Who Do You Think You Are?

Who Do You Think You Are?

Since premiering on the BBC in 2004, the celebrity genealogy series Who Do You Think You Are? has spawned spin-offs in Canada, Australia, and now the U.S. all based on the notion that watching celebrities traces their ancestries is inherently interesting. NBC’s first episode, starring Sarah Jessica Parker, almost makes good on that notion. Returning to her hometown of Cincinnati before branching out to the west then the east, Parker discovers her forebears have connections to both the California Gold Rush and the Salem witch trials. As she visits New England and California to see where the Sarah Jessica Parkers of yesteryear lived, the beginnings of compelling stories about fortune-hunting and religious paranoia emerge. Both narratives could be used to illuminate the history we all share. Instead they mostly serve as a personal reflecting pond for Parker.

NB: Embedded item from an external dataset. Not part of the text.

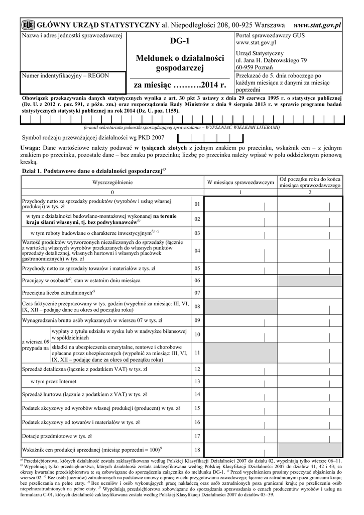 GŁÓWNY URZĄD STATYSTYCZNY al. Niepodległości 208, 00-925 Warszawa Nazwa i adres jednostki sprawozdawczej Portal sprawozdawczy GUS www.stat.gov.pl DG-1 Meldunek o działalności gospodarczej Numer indentyfikacyjny – REGON www.stat.gov.pl za miesiąc ……….2014 r. Urząd Statystyczny ul. Jana H. Dąbrowskiego 79 60-959 Poznań Przekazać do 5. dnia roboczego po każdym miesiącu z danymi za miesiąc poprzedni Obowiązek przekazywania danych statystycznych wynika z art. 30 pkt 3 ustawy z dnia 29 czerwca 1995 r. o statystyce publicznej (Dz. U. z 2012 r. poz. 591, z późn. zm.) oraz rozporządzenia Rady Ministrów z dnia 9 sierpnia 2013 r. w sprawie programu badań statystycznych statystyki publicznej na rok 2014 (Dz. U. poz. 1159). (e-mail sekretariatu jednostki sporządzającej sprawozdanie – WYPEŁNIAĆ WIELKIMI LITERAMI) Symbol rodzaju przeważającej działalności wg PKD 2007 Uwaga: Dane wartościowe należy podawać w tysiącach złotych z jednym znakiem po przecinku, wskaźnik cen – z jednym znakiem po przecinku, pozostałe dane – bez znaku po przecinku; liczbę po przecinku należy wpisać w polu oddzielonym pionową kreską. Dział 1. Podstawowe dane o działalności gospodarczeja) Wyszczególnienie W miesiącu sprawozdawczym 0 1 Przychody netto ze sprzedaży produktów (wyrobów i usług własnej produkcji) w tys. zł w tym z działalności budowlano-montażowej wykonanej na terenie kraju siłami własnymi, tj. bez podwykonawcówb) w tym roboty budowlane o charakterze inwestycyjnymb), c) 01 02 03 Wartość produktów wytworzonych niezaliczonych do sprzedaży (łącznie z wartością własnych wyrobów przekazanych do własnych punktów sprzedaży detalicznej, własnych hurtowni i własnych placówek gastronomicznych) w tys. zł 04 Przychody netto ze sprzedaży towarów i materiałów z tys. zł 05 Pracujący w osobachd), stan w ostatnim dniu miesiąca 06 Przeciętna liczba zatrudnionyche) 07 Czas faktycznie przepracowany w tys. godzin (wypełnić za miesiąc: III, VI, IX, XII – podając dane za okres od początku roku) 08 Wynagrodzenia brutto osób wykazanych w wierszu 07 w tys. zł 09 wypłaty z tytułu udziału w zysku lub w nadwyżce bilansowej w spółdzielniach 10 z wiersza 09 przypada na składki na ubezpieczenia emerytalne, rentowe i chorobowe opłacane przez ubezpieczonych (wypełnić za miesiąc: III, VI, IX, XII – podając dane za okres od początku roku) 11 Sprzedaż detaliczna (łącznie z podatkiem VAT) w tys. zł 12 w tym przez Internet 13 Sprzedaż hurtowa (łącznie z podatkiem z VAT) w tys. zł 14 Podatek akcyzowy od wyrobów własnej produkcji (producent) w tys. zł 15 Podatek akcyzowy od towarów i materiałów w tys. zł 16 Dotacje przedmiotowe w tys. zł 17 Wskaźnik cen produkcji sprzedanej (miesiąc poprzedni = 100)f) 18 a) Od początku roku do końca miesiąca sprawozdawczego 2 Przedsiębiorstwa, których działalność została zaklasyfikowana według Polskiej Klasyfikacji Działalności 2007 do działu 02, wypełniają tylko wiersze 06–11. Wypełniają tylko przedsiębiorstwa, których działalność została zaklasyfikowana według Polskiej Klasyfikacji Działalności 2007 do działów 41, 42 i 43; za okresy kwartalne przedsiębiorstwa te są zobowiązane do sporządzenia załącznika do meldunku DG-1. c) Przed wypełnieniem prosimy przeczytać objaśnienia do wiersza 02. d) Bez osób (uczniów) zatrudnionych na podstawie umowy o pracę w celu przygotowania zawodowego; łącznie za zatrudnionymi poza granicami kraju; bez przeliczania na pełne etaty. e) Bez uczniów i osób wykonujących pracę nakładczą oraz osób zatrudnionych poza granicami kraju; po przeliczeniu osób niepełnozatrudnionych na pełne etaty. f) Wypełniają przedsiębiorstwa zobowiązane do sporządzania sprawozdania o cenach producentów wyrobów i usług na formularzu C-01, których działalność zaklasyfikowana została według Polskiej Klasyfikacji Działalności 2007 do działów 05–39. b) Dział 2. Dane uzupełniające dla jednostek przemysłowycha) Uwaga: Przy opracowywaniu danych w wierszach 2, 4 i 7 należy uwzględnić aktualną listę krajów zaliczanych do strefy euro. Wyszczególnienie W miesiącu sprawozdawczym 0 Z przychodów netto ze sprzedaży produktów (wyrobów i usług własnej produkcji) – dział 1, wiersz 01 – przypada na sprzedaż na eksport i wywóz w tys. zł w tym do krajów strefy eurob) 1 Od początku roku do końca miesiąca sprawozdawczego 2 1 2 Z przychodów netto ze sprzedaży towarów i materiałów – dział 1, wiersz 05 – przypada na sprzedaż na eksport i wywóz w tys. zł w tym do krajów strefy eurob) 3 4 Nowe zamówienia otrzymane w tys. złc) 5 w tym na eksport i wywóz 6 w tym do krajów strefy eurob) 7 a) Wypełniają tylko przedsiębiorstwa, których działalność została zaklasyfikowana według Polskiej Klasyfikacji Działalności do sekcji: B, C, D i E. b) Do krajów strefy euro zalicza się: Austrię, Belgię, Finlandię, Francję, Grecję, Hiszpanię, Irlandię, Luksemburg, Niemcy, Niderlandy, Portugalię, Włochy, Cypr, Słowenię, Maltę, Słowację, Estonię, Łotwę. c) Wiersze 5, 6 i 7 wypełniają tylko przedsiębiorstwa, których działalność została zaklasyfikowana według Polskiej Klasyfikacji Działalności 2007 do działów: 13, 14, 17, 20, 21, 24, 25, 26, 27, 28, 29 i 30. Dział 3. Dane uzupełniające dla jednostek świadczących usługi transportowea) Uwaga: Dane należy podawać w liczbach bezwzględnych – bez znaku po przecinku Wyszczególnienie W miesiącu sprawozdawczym 0 1 b) Łączna ładowność taboru samochodowego – w tonach 1 Przewozy ładunków – w tonach 2 Przewozy pasażerów – w tys. pasażerów 3 w tym przewozy komunikacją miejską Od początku roku do końca miesiąca sprawozdawczego 2 4 komunikacją autobusową zamiejską a) Przed wypełnieniem prosimy przeczytać objaśnienia do działu 3. miesiąca sprawozdawczego; bez taksówek bagażowych. 5 b) Własnego

Parker isn’t really the problem here, or at least not as great a problem as the series’ keep-it-dramatic music and editing choices. Parker seems genuinely interested in the facts she learns from the historians and genealogists she meets along the way, even if she’s a little too eager to react emotionally to what she’s told. (On learning that the Hodge branch of her family participated in the Salem witch trials, either as an accuser or an accused: “If we were involved I would really want to somehow… And this is, of course, ridiculous… Fix it.” On learning her great-to-the-10th-power grandmother was one of the accused: “Ohhhhh… God!!!”) Unfortunately we spend more time hearing her stock response—“Un. Be. Lievable.”—than learning the details of those stories. The show seems more in awe of its celebrity subject than intrigued by her past or the past in general. Why spend too much time on musty old photographs when Carrie Bradshaw’s right there? In future episodes we learn that—like Parker—Lisa Kudrow, Brooke Shields, Spike Lee, Susan Sarandon and others did not descended fully formed from the heavens but, in fact, had ancestors.